### Required action
The line containing "3.3.2. NOx−-N Concentration" marks the end: copy exactly every line from the start of the records below up to and including it, leaving out pictures.

### Data listing
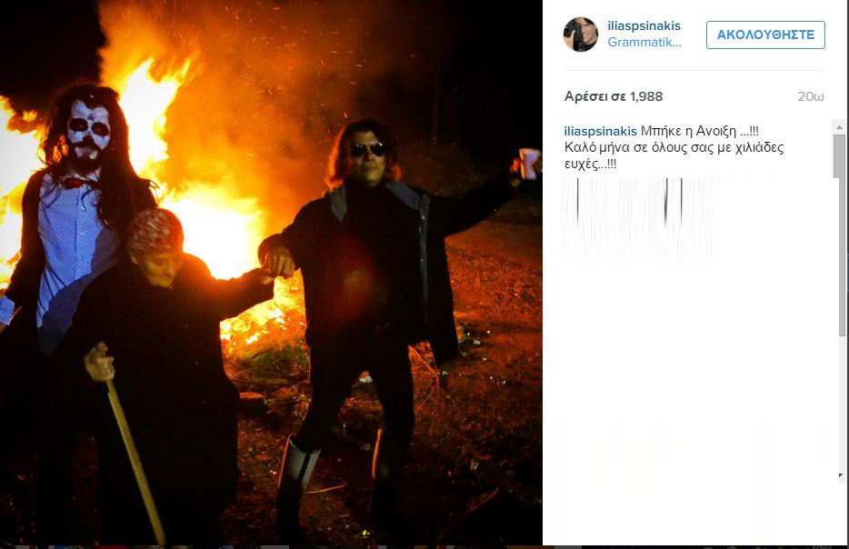 Ο Ηλίας Ψινάκης γιορτάζει τις Απόκριες και την άνοιξη στον Μαραθώνα και το γνωστοποίησε στους χιλιάδες ακολούθους του στο Instagram με μια φωτογραφία από τις εκδηλώσεις.
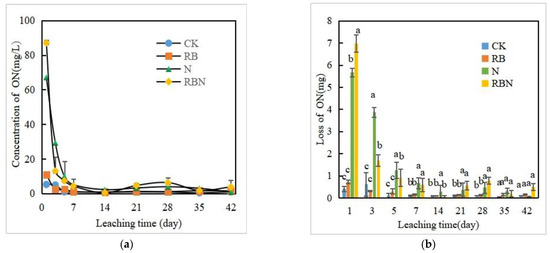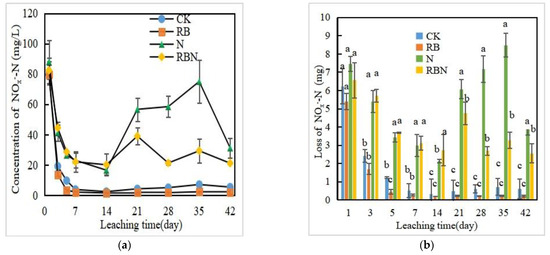 3.3.2. NOx−-N Concentration and Loss in Leachate
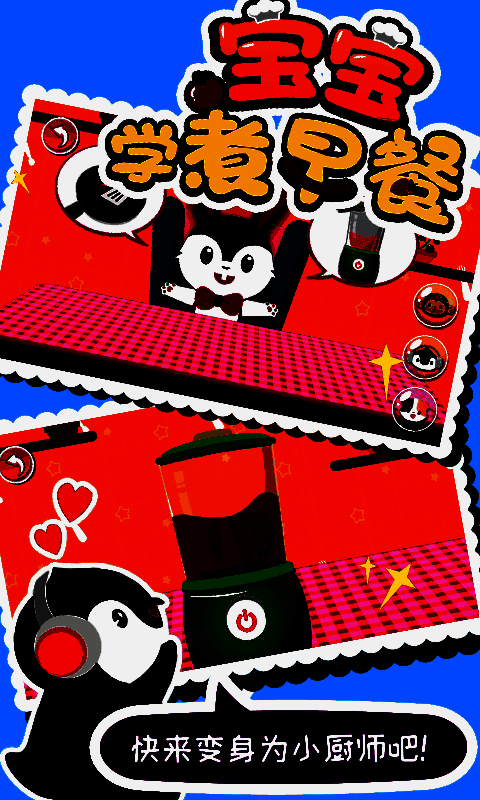 宝宝学煮早餐是一款幼儿智力启蒙应用,好玩的儿童学习早教应用,可以培养孩子的学习兴趣。该应用可以让宝宝体验到妈妈做的每一顿营养早餐,早餐丰富,包含咖啡、面包、甜点、干过和奶昔,多样的早餐奶形式,可以教会孩子营养搭配的方法;利用制作、装饰、来呈现出营养美味的早餐,多种组合形式,让宝宝感受到无限的乐趣和快乐;应用中使用语音播报形式,让孩子可以认清楚每一种材料的名称,以及其作用和特点,让孩子可以烹饪制作中,学习到跟多关于烹饪的技巧和方法。
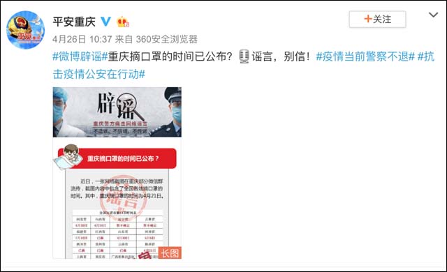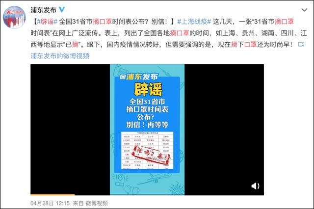 近日,重庆市公安局官方账号@平安重庆 、上海市浦东新区人民政府新闻办公室官方微博@浦东发布 都对此说法进行了辟谣:现在摘口罩为时尚早!疫情期间,市民应以权威发布的信息为准。
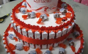 Същата цветова схема също е много приятна за използване. За изработката можете да използвате Mars, Snickers, Twix, Milky Way, Bounty и други любими лакомства.
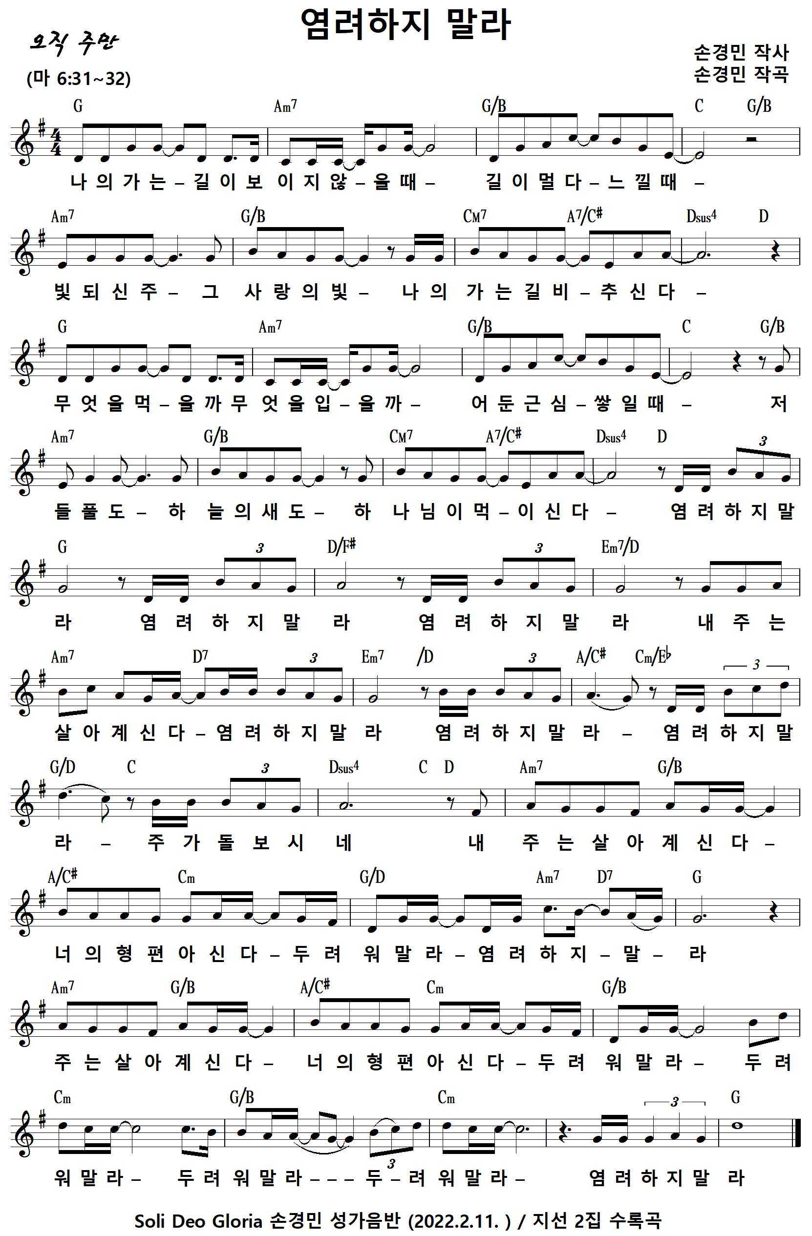 염려하지 말라 / 나의 가는 길이 보이지 않을 때 (손경민) CCM PDF 그림악보 다운받기

### Response to the exercise
 Ο Ηλίας Ψινάκης γιορτάζει τις Απόκριες και την άνοιξη στον Μαραθώνα και το γνωστοποίησε στους χιλιάδες ακολούθους του στο Instagram με μια φωτογραφία από τις εκδηλώσεις.
 3.3.2. NOx−-N Concentration and Loss in Leachate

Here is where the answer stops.